For those of us privileged souls who grew up in the 8 and 16-bit eras, a large majority of our gaming experiences were spent jumping on platforms. Sometimes it was with a gun, sometimes it was with stupid looking shoes and catch-phrases (I’m looking at you, Bubsy), but most of the time if you closed your eyes and picked an NES cart at random, it was going to involve some sort of jumping-related activity.
Today’s lesson is about a very specific sub-genre of those games: the momentum-based platformer (I’m gonna call them MBP’s. Because I’m lazy!). Basically, and keep in mind I’m totally making this up as I type this, an MBP is a game that revolves around a momentum-based mechanic to navigate through the levels. Simple, right?
Sonic, of course, was the granddaddy of this sub-genre. You start in the Green Hill Zone, go really really fast through some loop-de-loops, and fly towards the exit. And it’s fun! You go fast! But if you play past the first couple of levels you’ll see the game start to degenerate into a collection of slippery jumping puzzles with ramps. If you play further into the series, you’ll see it start to turn into utter crap.
Some better examples were Bionic Commando, Rocket Knight Adventures, and Ristar. All of those games had fun mechanics and, more importantly, solid controls. You could make your way through a stage with relative ease if you were skilled, and you didn’t have to worry about being flung through a tube at a wall of spikes if you weren’t.
Pulseman tends more towards that second group, even if it isn’t perfect. In Pulseman, you play as…well, Pulseman. You’re a smart reader, you can figure that one out. Like Rocket Knight Adventures, you build up power and hurdle in whatever direction you choose until you come to rest. By running fast or double-tapping to perform a quick dash, you can build up static and either use it to launch yourself, neatly blowing up anything in your way, or fire a ball of lightning. Unlike Rocket Knight Adventures, you don’t stop when you launch yourself unless one of three things happens:
1. You cancel it.
2. You haven’t hit a wall in 3 seconds.
3. You hit spikes, or a pit, or something ouchy that isn’t an enemy.
At first, you’ll think you can just launch up to the ceiling and bounce your way to the end like a screw-attacking Samus on a heavy cocaine dose, and you’d be right…for the first level. Try the same strategy after that, and get ready to kiss the bottom of some very inviting bottomless pits.

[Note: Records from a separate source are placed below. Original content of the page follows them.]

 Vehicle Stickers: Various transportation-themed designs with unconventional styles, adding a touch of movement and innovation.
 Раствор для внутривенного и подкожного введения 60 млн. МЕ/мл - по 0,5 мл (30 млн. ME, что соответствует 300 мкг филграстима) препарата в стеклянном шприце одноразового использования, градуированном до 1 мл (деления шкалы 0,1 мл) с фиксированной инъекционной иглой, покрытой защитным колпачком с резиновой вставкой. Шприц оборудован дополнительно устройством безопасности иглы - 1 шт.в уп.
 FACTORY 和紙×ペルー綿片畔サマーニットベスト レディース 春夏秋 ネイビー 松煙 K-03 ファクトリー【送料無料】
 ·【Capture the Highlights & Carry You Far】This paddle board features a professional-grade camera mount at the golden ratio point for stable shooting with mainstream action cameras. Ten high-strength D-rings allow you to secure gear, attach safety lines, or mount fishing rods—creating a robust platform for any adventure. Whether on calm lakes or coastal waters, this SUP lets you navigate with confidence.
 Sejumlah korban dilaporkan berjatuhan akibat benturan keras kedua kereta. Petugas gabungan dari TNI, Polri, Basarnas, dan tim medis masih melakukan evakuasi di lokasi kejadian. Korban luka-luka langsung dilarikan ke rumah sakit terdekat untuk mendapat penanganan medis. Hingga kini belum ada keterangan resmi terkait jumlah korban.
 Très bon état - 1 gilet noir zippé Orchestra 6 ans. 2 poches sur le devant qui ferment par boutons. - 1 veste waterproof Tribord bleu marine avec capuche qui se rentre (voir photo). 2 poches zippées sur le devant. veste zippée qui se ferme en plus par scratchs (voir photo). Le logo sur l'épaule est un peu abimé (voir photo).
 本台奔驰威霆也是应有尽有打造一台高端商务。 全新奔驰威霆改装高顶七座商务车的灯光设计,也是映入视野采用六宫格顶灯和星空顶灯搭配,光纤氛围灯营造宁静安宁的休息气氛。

As any good MBP does, Pulseman builds the entire game around its mechanics, and doesn’t try to shoehorn them in later. Even though these don’t always work (*cough* see picture *cough*),
they work most of the time, and they’re a nice departure from jump, coins, jump, spikes, boss, oh hey, this level has springs in it!, repeat. A BIG part of the reason why these mechanics are so fun to play around with is where you get to play with them. The levels Game Freak (yes they didn’t just make Pokemon, no there isn’t a hidden Pikapuffthing in here, move along) designed are breathtaking for a Genesis game; hell, they’re breathtaking for any game. Everything’s based on a sort of TV-themed, Vectorman-style motif, only with a whole lot more color and movement. Instead of sighing your way through yet another lava or desert or water-themed level, you get crazy, Technicolor computer forests and besieged broadcast stations. Even the boring old ice level starts as a bland, lazy Ice Climbers-esque bore-fest, only to quickly change pace into this:
And if you get annoyed with a level? (you will…this game’s not easy) You get the good old Mega Man-style level select, along with a brilliant feature I’ve never seen in another game: if you reach the boss on a stage and get a game over, you can go right back to the boss. Why a single other game hasn’t picked up on the fact that I don’t want to have to trudge through disappearing platform hell just to fight Cheapo the Teleporting Magician Boss for the fifth time astounds me to this day.
Let me sum this up for you lazier readers. Good MBPs are all about one thing: feel. Once you get the muscle memory and the controls down, you stop having to think and start, just…moving through the game. You see a platform, or a far-off item, and you don’t have to wonder what secret tile you need to find to get there, you just bounce off some walls and grab it. Pulseman is one of those games. Grab a copy. You’ll be glad you did.